REQUIRED WORK
Transcribe exactly the lines that fall between the one holding "ワイズコンサルティング グル" and the one holding "Brown leather purse", inclusive, from the entries below.

DATA PROVIDED
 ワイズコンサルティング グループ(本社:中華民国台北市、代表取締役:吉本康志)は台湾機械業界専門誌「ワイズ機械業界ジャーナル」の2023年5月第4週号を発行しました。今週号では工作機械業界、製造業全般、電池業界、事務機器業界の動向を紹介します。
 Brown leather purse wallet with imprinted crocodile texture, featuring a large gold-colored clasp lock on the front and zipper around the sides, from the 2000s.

...

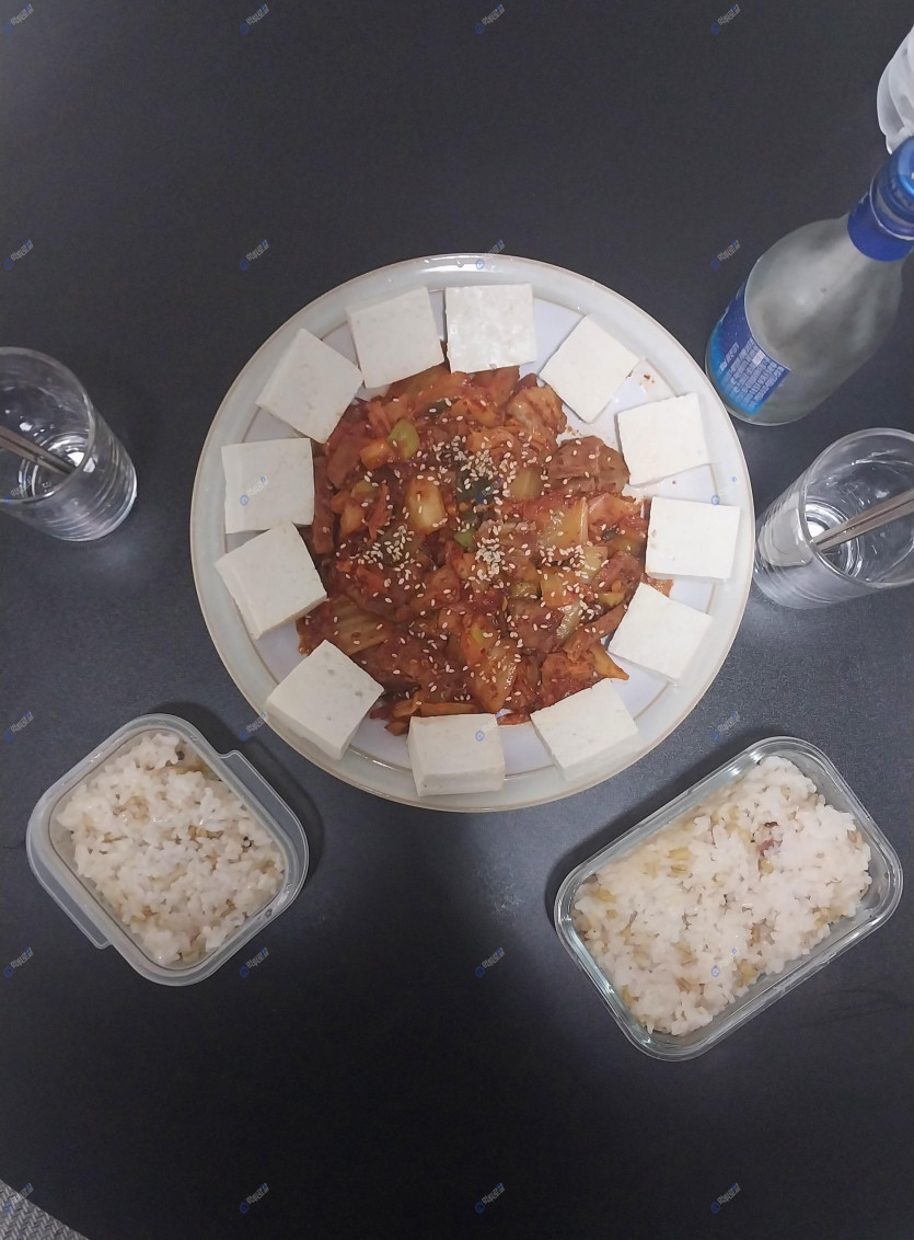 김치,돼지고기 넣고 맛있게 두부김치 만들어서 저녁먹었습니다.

...

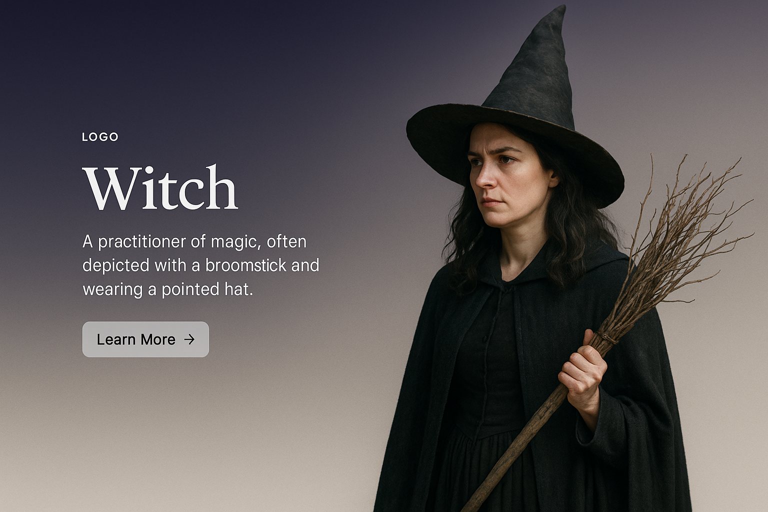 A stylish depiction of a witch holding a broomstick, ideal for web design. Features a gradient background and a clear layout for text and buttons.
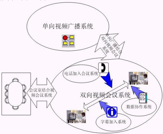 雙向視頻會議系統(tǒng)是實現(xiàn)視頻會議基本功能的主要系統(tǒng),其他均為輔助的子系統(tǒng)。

SOLVED EXERCISE
 ワイズコンサルティング グループ(本社:中華民国台北市、代表取締役:吉本康志)は台湾機械業界専門誌「ワイズ機械業界ジャーナル」の2023年5月第4週号を発行しました。今週号では工作機械業界、製造業全般、電池業界、事務機器業界の動向を紹介します。
 Brown leather purse wallet with imprinted crocodile texture, featuring a large gold-colored clasp lock on the front and zipper around the sides, from the 2000s.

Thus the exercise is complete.